“The Volunteer” by Jack Fairweather— One Man, An Underground Army, and the Secret Mission to Destroy Auschwitz

Fairweather, Jack. “ The Volunteer”, Custom House, 2019.

One Man, An Underground Army, and the Secret Mission to Destroy Auschwitz

Amos Lassen

Jack Fairweather’s “The Volunteer” features maps, drawings, and more than 200 original photographs from the 1930s and 40s that detail the breathtaking journey of Witold Pilecki. This is the story of one man who tried to warn us about Auschwitz from inside the camp and who tried to destroy Auschwitz and save the lives of 800,000 Jews. He was on a mission to inform the world about Auschwitz.

The book smuggles us into Auschwitz and shows us the story of a Polish agent who infiltrated the infamous camp, organized a rebellion, and then snuck back out. Fairweather has dug up a story of great value and delivered it to us in beautiful and compelling prose.

It is meticulously researched and clearly told and gives us a  remarkable inside-view of the Holocaust. It is also a look at the triumph of the human spirit.
“Jack Fairweather has chronicled Pilecki’s remarkable journey and gives us a work that is a testament to courage.  Here is human heroism in the face of overwhelming odds.

This  is the untold story of one of the greatest heroes of the Second World War. In the Summer of 1940, after the Nazi occupation of Poland, Witold Pilecki, an underground operative accepted a mission to uncover the fate of thousands of people being interred at a new concentration camp on the border of the Reich. His mission was to report on Nazi crimes and raise a secret army to stage an uprising. The name of the camp was Auschwitz. It was only after arriving at the camp that he started to discover the Nazi’s terrible treatments and plans. Over the next two and half years, Witold forged an underground army that smuggled evidence of Nazi atrocities to the West that were responsible for the murder of over a million Jews. His reports from the camp were to shape the Allies’ response to the Holocaust—yet his story was all but forgotten for decades. This is the first major account of it and it draws on exclusive family papers and recently declassified files as well as unpublished accounts from the camp’s fighters to show how he saved hundreds of thousands of lives.

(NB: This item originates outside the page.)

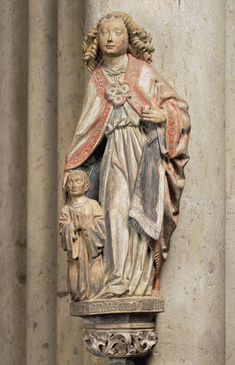 The extravagant and costly donations of Victor of Carben should be seen in this light. His conversion to Christianity and his focus on Judaism also play a major role. The very fact that the description of the donor as 'sacerdos olim Judeus' is repeated several times in both groups speaks volumes. The evidently Marian focus of both groups should be seen as a conscious renunciation of the Jewish religion, which rejects the concept of the virginity and divine motherhood of Mary, and also illustrates the convert's devotion to the Mother of God. Saints Barbara and Catherine were popular saints in the Middle Ages. It is possible that Victor of Carben saw himself as a successor of the two saints, because although born as pagans, both women were later baptised and became martyrs for the Christian faith. With his extravagant donation, Victor of Carben is publicly documenting his complete renunciation of the religion of his ancestors. At the same time, by approving the donation, the Cathedral Chapter is also corroborating its anti-Jewish position in the controversy surrounding Pfefferkorn's opinions.
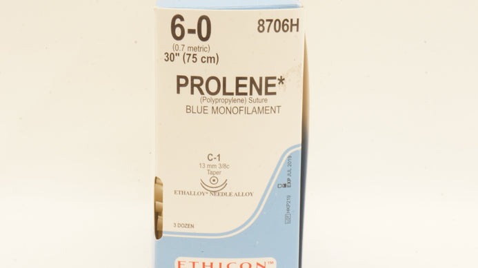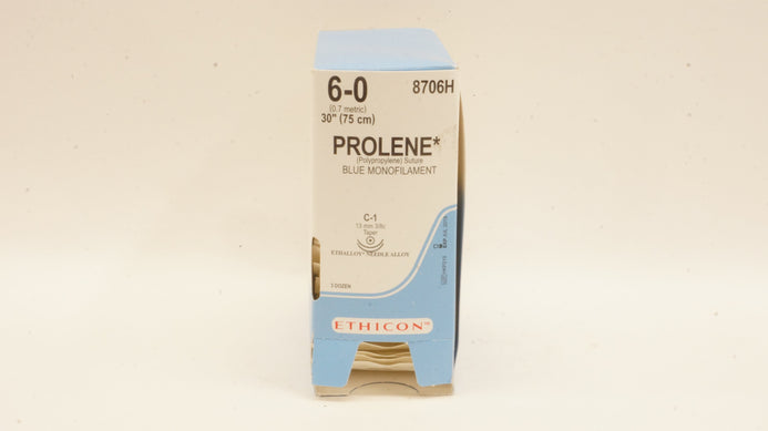 Ethicon 8706H 6-0 PROLENE Polypropylene Suture Blue Monofilament C-1 13mm 3/8c Taper, 30inch

 Completely erased from the historical record by Poland’s Communist government, Pilecki remains almost unknown to the world. Now, with exclusive access to previously hidden diaries, family and camp survivor accounts and recently declassified files, Jack Fairweather shares Witold’s exploits and uncovers the tragic outcome of Pilecki’s mission, in which the ultimate betrayal came not on the Continent, but England.